┌──
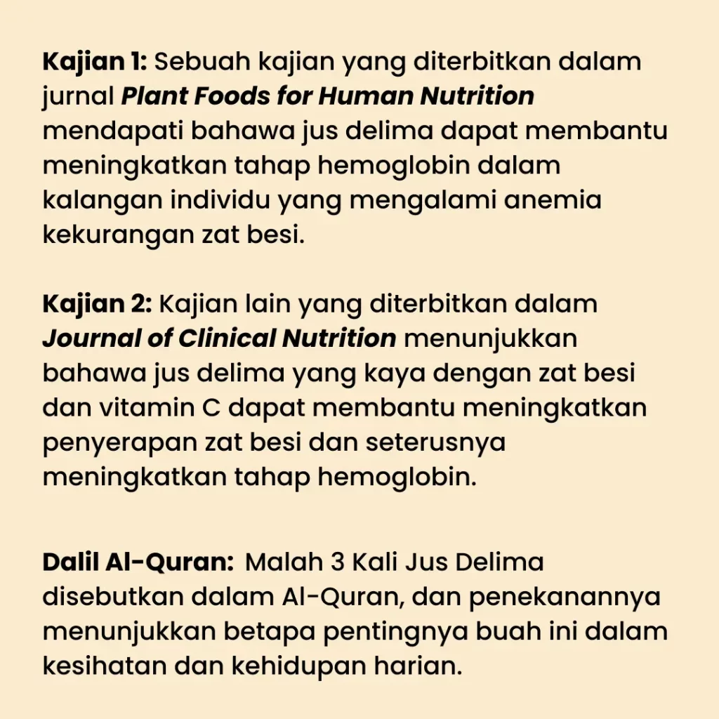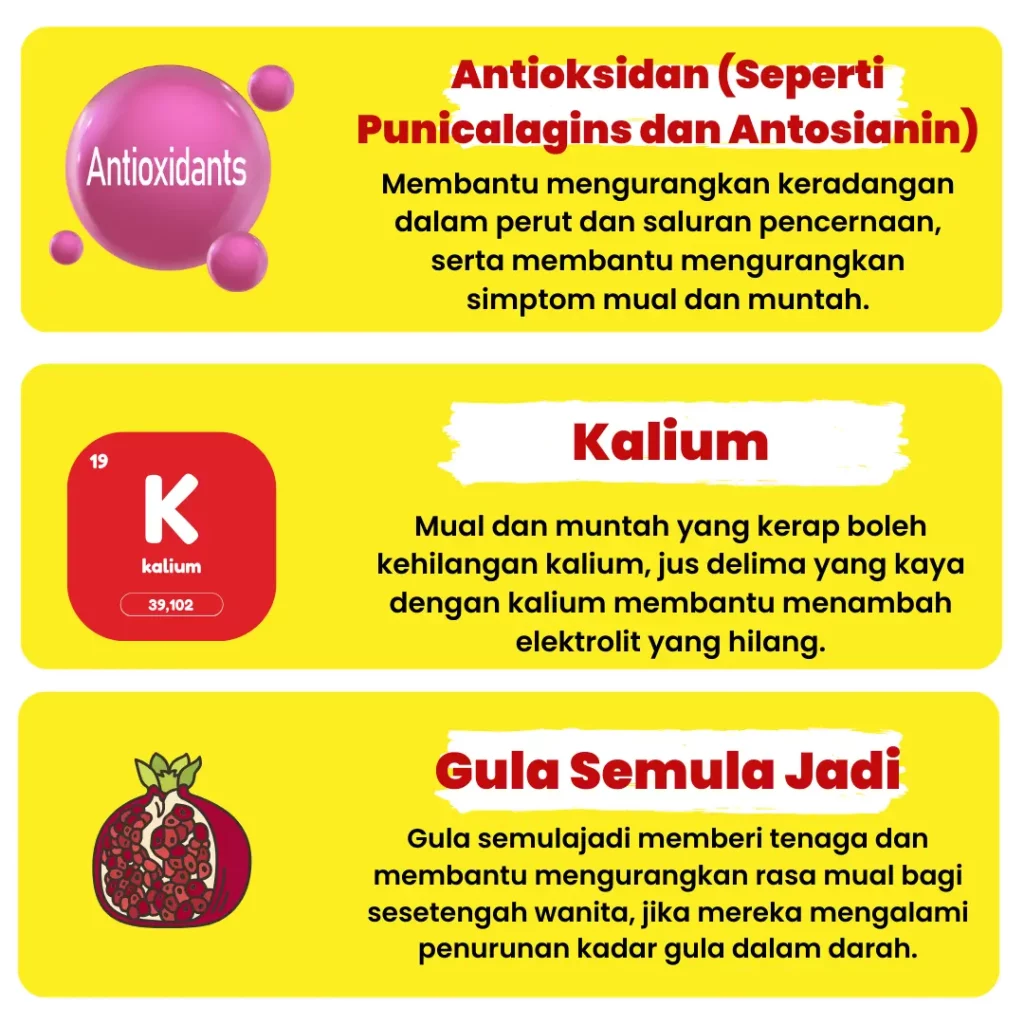 - Jus delima lebih baik diamalkan dengan makanan yang neutral atau ringan. Elakkan pengambilan bersama makanan pedas atau berlemak yang boleh memperburuk simptom gastrik.
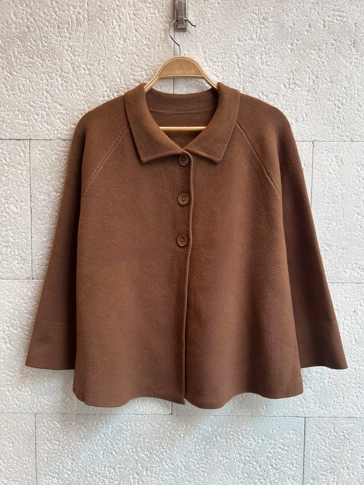 Chaqueta de punto con forma evasé, con cuello y abotonada. Es súper suave y abrigadita, perfecta para todos tus looks!
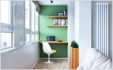 Как и другие комнаты кабинет объединен с балконом, однако из-за особенностей дома, полностью демонтировать стену было невозможно. Поэтому мы решили обыграть часть стены как рабочий стол, таким образом мы решили сразу две проблемы: расстановки мебели и зонирования.
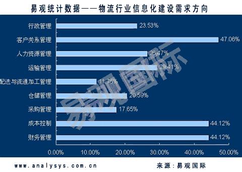 易觀國際《中國物流行業(yè)信息化年度綜合報告2006》數(shù)據(jù)統(tǒng)計,物流企業(yè)選擇管理信息化建設(shè)方向最迫切的需求是客戶關(guān)系管理,占到全部企業(yè)的47%以上。
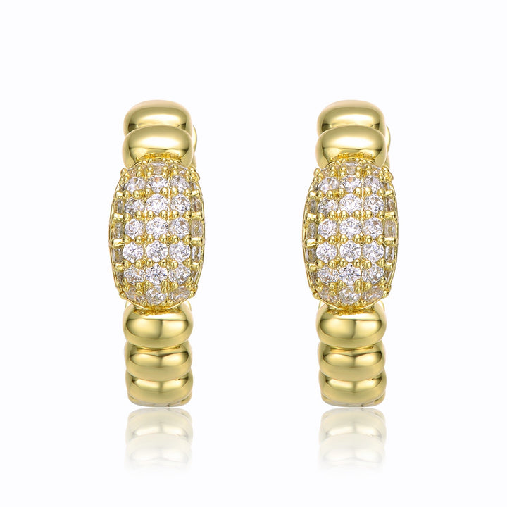 GV Sterling Silver 14k Yellow Gold Plated with Cubic Zirconia Scalloped Huggie Hoop Earrings
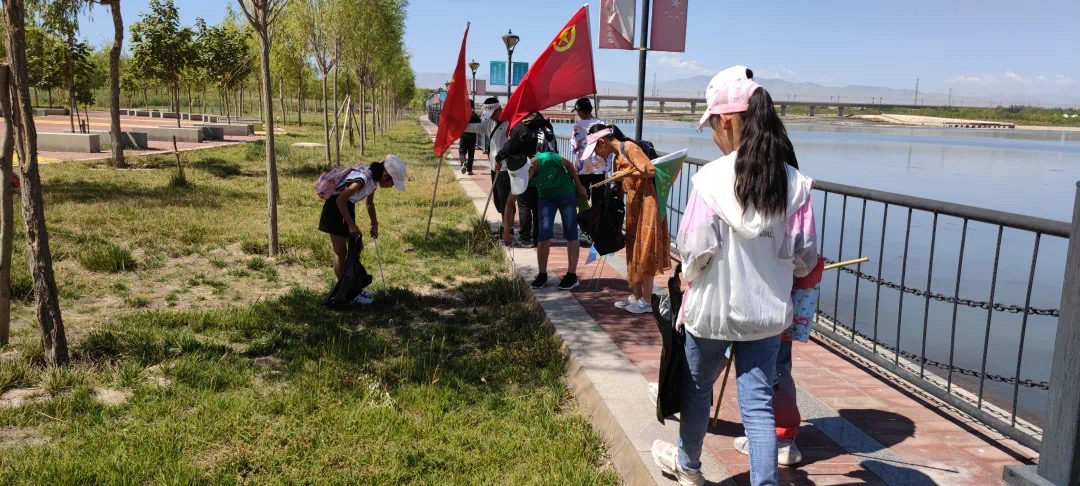 “可持续发展 青少年在行动——加油小河长” 系列活动之张掖站巡河护河环保实践活动正在进行
└──
Return the records above verbatim, images excluded.

 - Jus delima lebih baik diamalkan dengan makanan yang neutral atau ringan. Elakkan pengambilan bersama makanan pedas atau berlemak yang boleh memperburuk simptom gastrik.
 Chaqueta de punto con forma evasé, con cuello y abotonada. Es súper suave y abrigadita, perfecta para todos tus looks!
 Как и другие комнаты кабинет объединен с балконом, однако из-за особенностей дома, полностью демонтировать стену было невозможно. Поэтому мы решили обыграть часть стены как рабочий стол, таким образом мы решили сразу две проблемы: расстановки мебели и зонирования.
 易觀國際《中國物流行業(yè)信息化年度綜合報告2006》數(shù)據(jù)統(tǒng)計,物流企業(yè)選擇管理信息化建設(shè)方向最迫切的需求是客戶關(guān)系管理,占到全部企業(yè)的47%以上。
 GV Sterling Silver 14k Yellow Gold Plated with Cubic Zirconia Scalloped Huggie Hoop Earrings
 “可持续发展 青少年在行动——加油小河长” 系列活动之张掖站巡河护河环保实践活动正在进行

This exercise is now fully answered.